Content encoding of compressed transmission: Commonly used encoding content includes the following: 1. Gzip (GNU Zip) 2.com Press (standard compression of UNX system) 3. Deflate (zlib) 4. Identity (not encoding) Chunking transfer coding divides the entity body into parts (blocks). Each block is marked with a hexadecimal size, while the last block of the entity body is marked with “0(CR+LF)”.

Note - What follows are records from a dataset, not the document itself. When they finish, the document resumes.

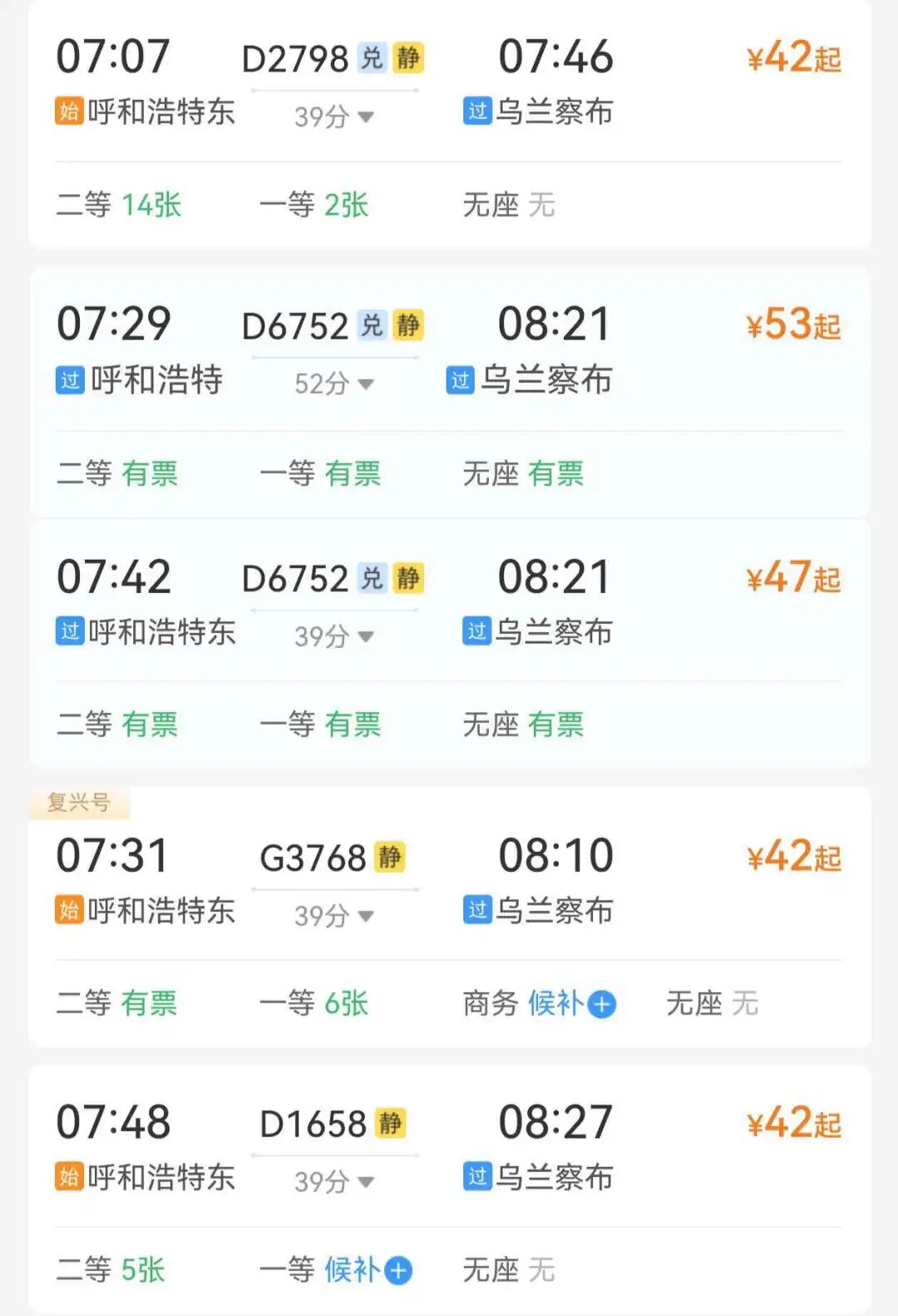 ↓呼和浩特至乌兰察布推荐车次↓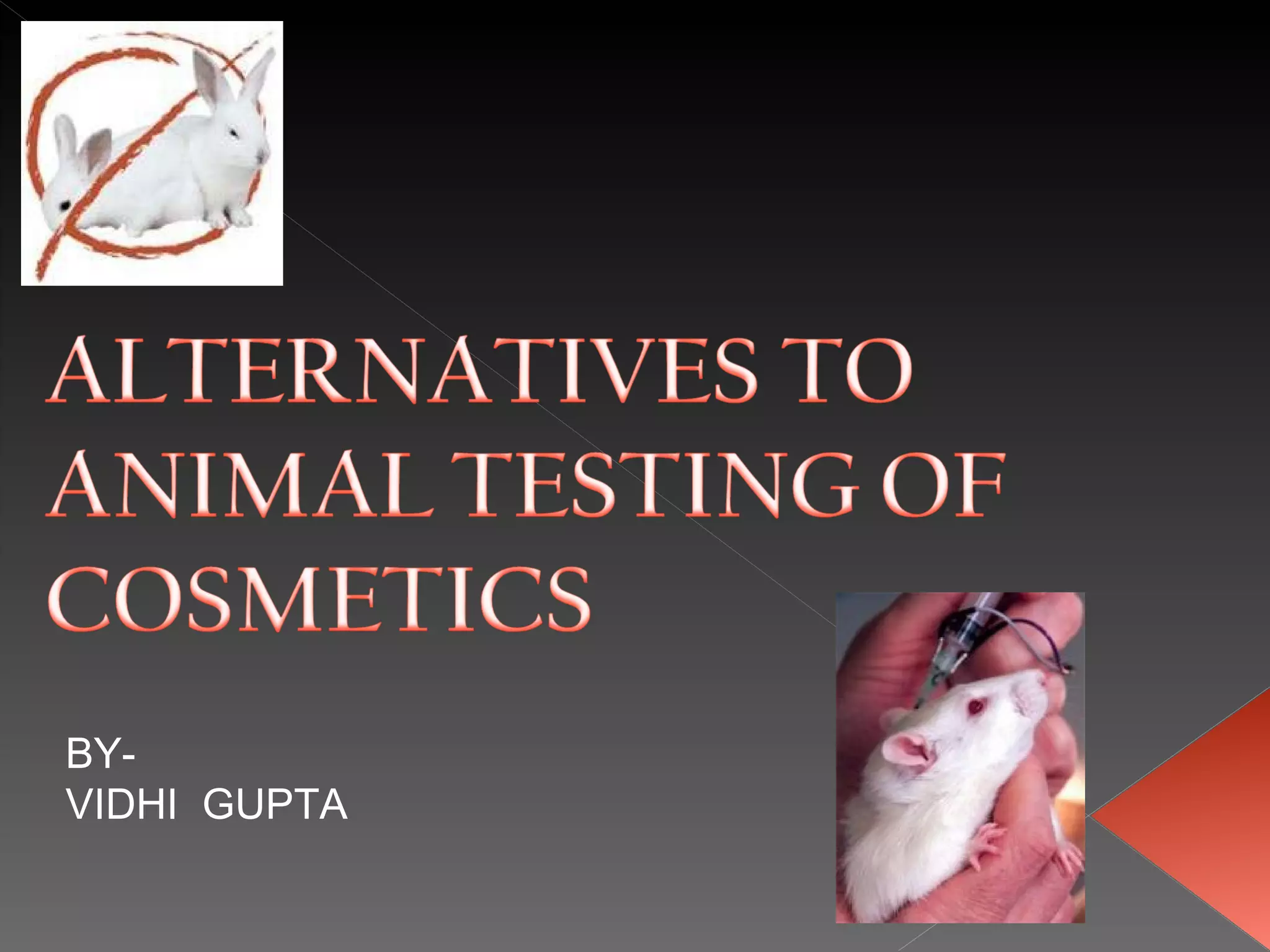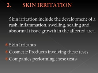 Animal testing is commonly used for safety testing but causes harm to animals. Non-animal testing methods provide alternatives like using synthetic membranes and human cell cultures to assess skin corrosion and absorption without harming animals. These alternative methods are becoming more widely used and accepted in the cosmetics industry for tests like skin irritation and phototoxicity testing.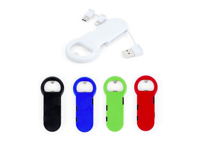 Cable de carga 3 en 1. Conector Dual: Micro USB para dispositivos Android y Lightning para Iphone en un mismo puerto. Y conector Tipo C. Presentado en forma de destapador como uso adicional.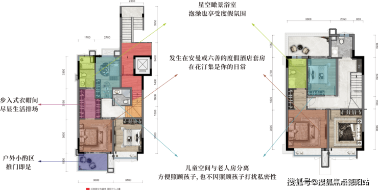 动静分层设计,二楼蜜月套房式主卧,步入式衣帽间+开放式露台,随时可以和爱人看着星空小酌一杯,属于二人的私有浪漫,每一个居家日常,皆如度假酒店的放松时刻。上下叠儿童房均和长辈房分离,在照顾孩子的同时,亦可享受安静私密的休憩。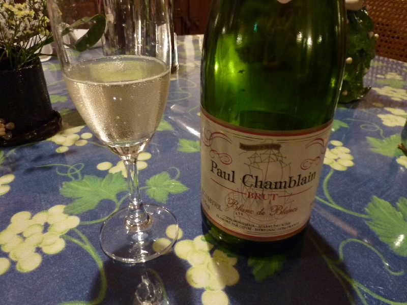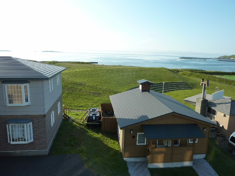 さあ、19時になった。晩ごはんへ行こう。フロントの奥にあるレストランへ行くと、広いテーブルにおかずが用意されていた。うまそう・・・ちょっと今日は雰囲気を変えて、シャンパンをボトルでいただきましょう。まずは乾杯。冷たさと泡がのどに心地よい。さて、いただきますか。もはや定番になった生うに、これは間違いなくうまい。毎日贅沢だなあ。イカの沖漬けになまこの酢の物、これがどちらもやわらかくてうまい。特になまこなんて、こりこりした歯ごたえのものしか食べたことないけどねえ。そしてシーフードサラダ、これは贅沢。新鮮なホタテにぼたん海老、そしていくらが満載。シャンパンにもよく会うし、実にうまいです。と、ここでホテルの人からのお誘い。なんでもこのあとちょうど日没になるので、みんなで見に行きませんかとのこと。食事中だが、それはいいタイミング。せっかくなので行きましょう。ホテルの裏にでて、少し土手を上がると海が見える。

3.3 A collection of multi-part objects that send a variety of data

When we send an email, we can write text in the email and add multiple attachments. This is because of the MIME mechanism, which allows mail to handle many different types of data, such as text, images, and video. The multi-part object collection contains the following objects.Copy the code
  1. Multipart /form-data: used when uploading Web form files.
  2. Multipart/Byteranges: status code 206 Response packets contain multiple ranges of content

3.4 Obtaining scope requirements for some content

Range requests use the header field Range (Range: bytes=-3000, 5000-7000, 7000-) to specify the byte Range of the resource. The response packet with status code 206 Partial Content is returned. In addition, for multiple range requests, the response will return the multipart/byteranges in the header field ContentType. If the server is unable to respond to the range request, the status code 200 OK and the complete entity content are returned.Copy the code

3.5 Content Negotiation Returns the most appropriate content

  1. Server-driven negotiation: Content negotiation is performed by the server. The header field of the request is used as a reference and is automatically processed on the server side.
  2. Client-driven negotiation: the client negotiates content. The user manually selects from the list of options displayed in the browser.
  3. Transparent negotiation: a combination of server-driven and client-driven content negotiation by the server and client respectively.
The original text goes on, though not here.